Task brief: Copy all the lines of the listing below exactly. Skip the images.
START Supplied data
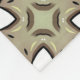 "Two images of decorative towels with geometric floral patterns in beige, white, and black. The first shows hung towels; the second, a folded washcloth."
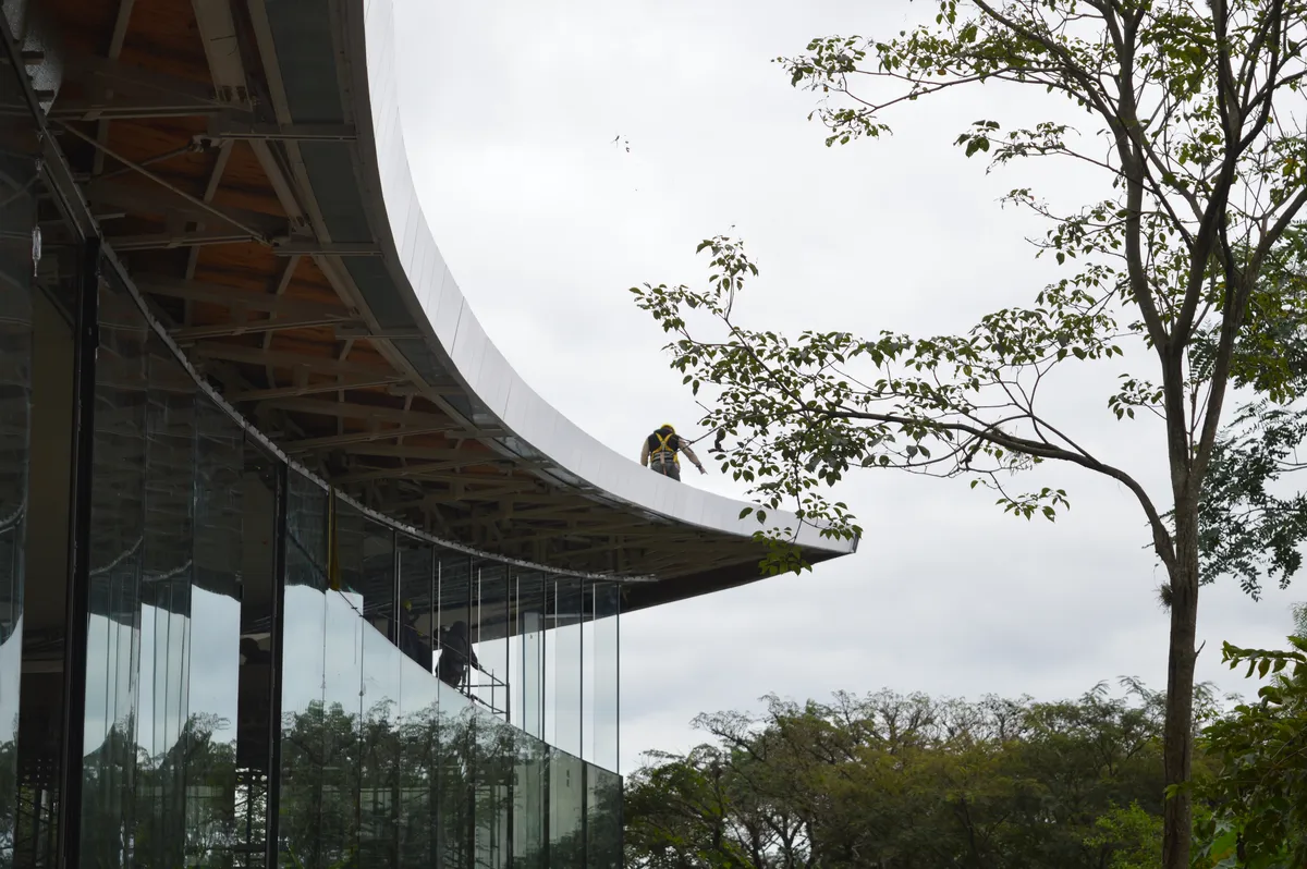 Otro ítem del trabajo actual es la del proceso para la finalización de la instalación de vidrios, sobre lo que Tejeda detalló que “estamos trabajando en el espacio principal donde se albergarán esculturas, y que es el vidriado que da hacia el río Grande, con vidrios de más de 9 metros de longitud, de origen chino, y otros de 6,20 metros, estos de origen chileno, que son los que separan los espacios interiores con el exterior en los otros sectores del museo y que tienen la cámara de aire y el tratamiento especial para la aislación correspondiente”.
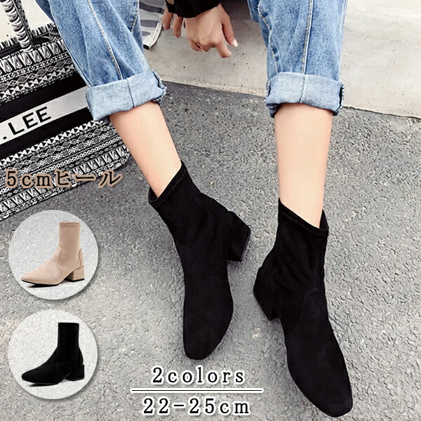 ヒールブーツ ショートブーツ レディース 5cmヒール チャンキーヒール ストレッチブーツ シンプル 太ヒール オシャレ 上品 カジュアル 滑らない サマーブーツ 2色 レディースブーツ 日常ブーツ
END Supplied data
Task solution:
 "Two images of decorative towels with geometric floral patterns in beige, white, and black. The first shows hung towels; the second, a folded washcloth."
 Otro ítem del trabajo actual es la del proceso para la finalización de la instalación de vidrios, sobre lo que Tejeda detalló que “estamos trabajando en el espacio principal donde se albergarán esculturas, y que es el vidriado que da hacia el río Grande, con vidrios de más de 9 metros de longitud, de origen chino, y otros de 6,20 metros, estos de origen chileno, que son los que separan los espacios interiores con el exterior en los otros sectores del museo y que tienen la cámara de aire y el tratamiento especial para la aislación correspondiente”.
 ヒールブーツ ショートブーツ レディース 5cmヒール チャンキーヒール ストレッチブーツ シンプル 太ヒール オシャレ 上品 カジュアル 滑らない サマーブーツ 2色 レディースブーツ 日常ブーツ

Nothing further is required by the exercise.